# Gator sanding pads



## Marine04 (Sep 4, 2013)

I've been using diablo sanding pads on my sander. Everything I make gets a fine finish and have been really happy with the job the diablo pads do and how long they last. 
While I was at lowes I noticed their gator pads come with 15 pads compared to 4 in the diablo pack for the same price. I'm always looking to save some cash but haven't used the gator pads. Anyone use them or know how they compare? Or should I pay the extra money and stick with the diablo pads?


----------



## Crusader (Jan 14, 2013)

When you say pads are you talking about the sanding discs? I've used the Diablo discs when I forgot to order my regular discs, they're ok in a pinch.
This is the disc I normally use, yes they are more expensive, but they cut faster and last three times longer as one of those Diablos.
http://www.woodworkingshop.com/product/vd80003/


----------



## Marine04 (Sep 4, 2013)

Crusader said:


> When you say pads are you talking about the sanding discs? I've used the Diablo discs when I forgot to order my regular discs, they're ok in a pinch. This is the disc I normally use, yes they are more expensive, but they cut faster and last three times longer as one of those Diablos. http://www.woodworkingshop.com/product/vd80003/


That's better price than diablos. 50 pack at 25 bucks is .50 per disk when the diablos average over a buck a disk. 
I was wondering if the gator ones are as decent as the diablos cause they're much less per disk. The price of the stuff you're getting is a pretty good deal. I may try those out. I usually only buy 80,120, and 220 grit


----------



## Crusader (Jan 14, 2013)

They are good! I went on the advice of another member here and bought some and now it's all I buy. I even buy my drum sander rolls from them, way cheaper as well.
Give them a try! I'll bet you like them :thumbsup:


----------



## GoNavy429 (Oct 7, 2013)

Don't pass up the closeout section on Kingspor site, they still have some of their Alumina Zirconia disks for $9.95 for 50 pks still H&L but being phased out.
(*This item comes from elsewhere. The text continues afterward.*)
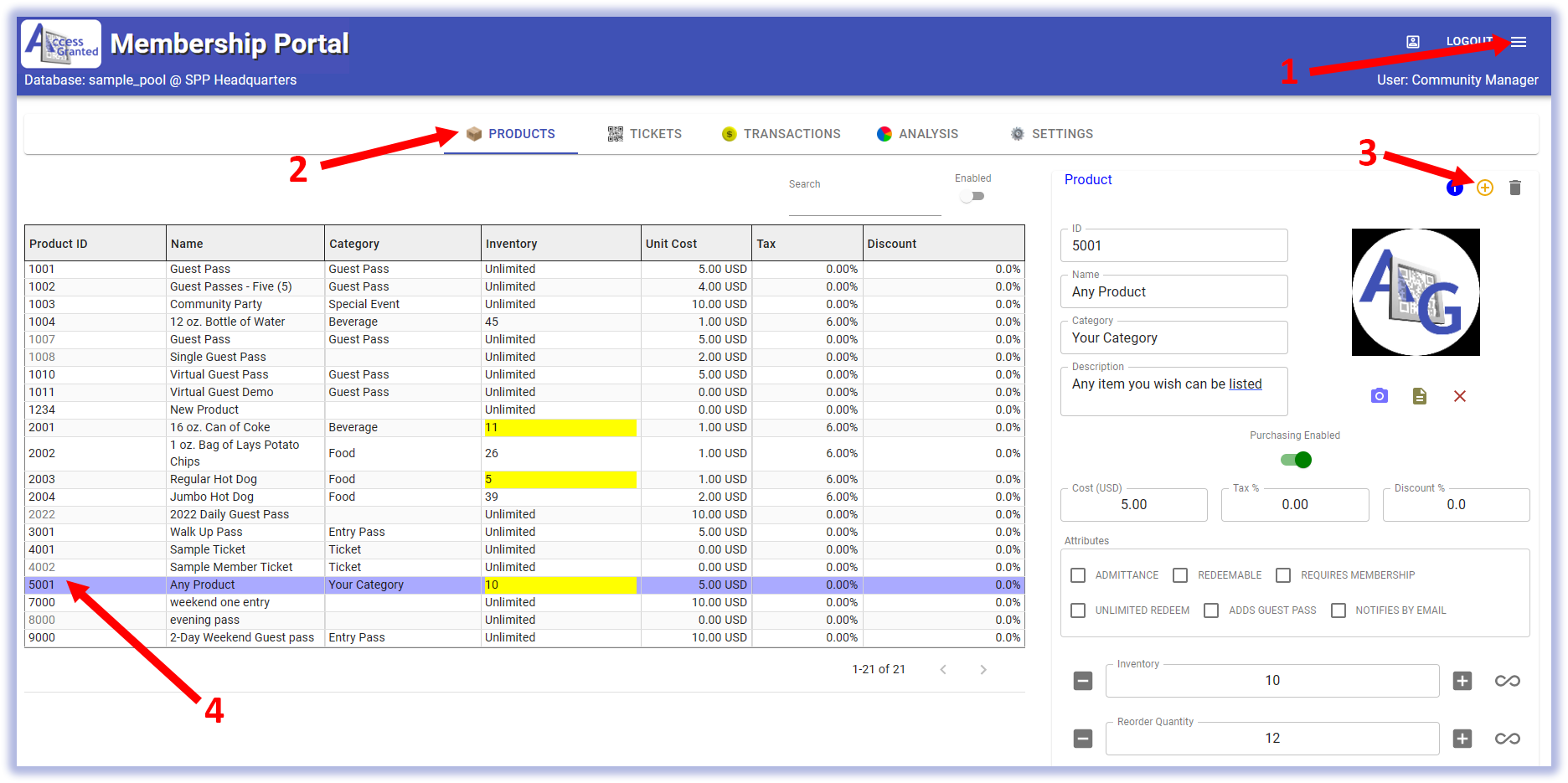 Add products your patrons will purchase at the concession stand.

http://www.woodworkingshop.com/clearance.aspx


----------



## Marine04 (Sep 4, 2013)

GoNavy429 said:


> Don't pass up the closeout section on Kingspor site, they still have some of their Alumina Zirconia disks for $9.95 for 50 pks still H&L but being phased out. http://www.woodworkingshop.com/clearance.aspx


Thanks! I'm checking them out now. I've never used those before. Are they pretty good?


----------



## Marine04 (Sep 4, 2013)

Yeah I think I'll order a pack of each grit.


----------



## Marine04 (Sep 4, 2013)

Have y'all used those xtra lube disks? Those are even less per 50 pack.


----------



## GoNavy429 (Oct 7, 2013)

Marine04 said:


> Thanks! I'm checking them out now. I've never used those before. Are they pretty good?


Too be honest, I have no idea...:laughing:...I too usually use the Heavyweight H&L so I assume they are close, maybe not quite as good, but when I seen the $9.95 price tag I said why not, so I bought a few pks. They are hanging on my peg board, haven't had a chance to use them yet. Still have open pks from my old disks to use up...:huh:... But I may give it a try on this project I am working on now.


----------



## Marine04 (Sep 4, 2013)

GoNavy429 said:


> Too be honest, I have no idea...:laughing:...I too usually use the Heavyweight H&L so I assume they are close, maybe not quite as good, but when I seen the $9.95 price tag I said why not, so I bought a few pks. They are hanging on my peg board, haven't had a chance to use them yet. Still have open pks from my old disks to use up...:huh:... But I may give it a try on this project I am working on now.


Lol. Yeah I know what you mean. Before I got my orbital I was using a ryobi corner cat and I have packs of black and decker handing on my peg board because I had some diablos and happened to be at Walmart and saw the black and decker for 1.99 so I bought all the packs they had. I may never end up using them, especially since I have a orbital sander now. The diablo stuff has kept it's grit pretty well but I'm always looking for something better and more cost effective since I make a bunch of stuff that is going to be sold


----------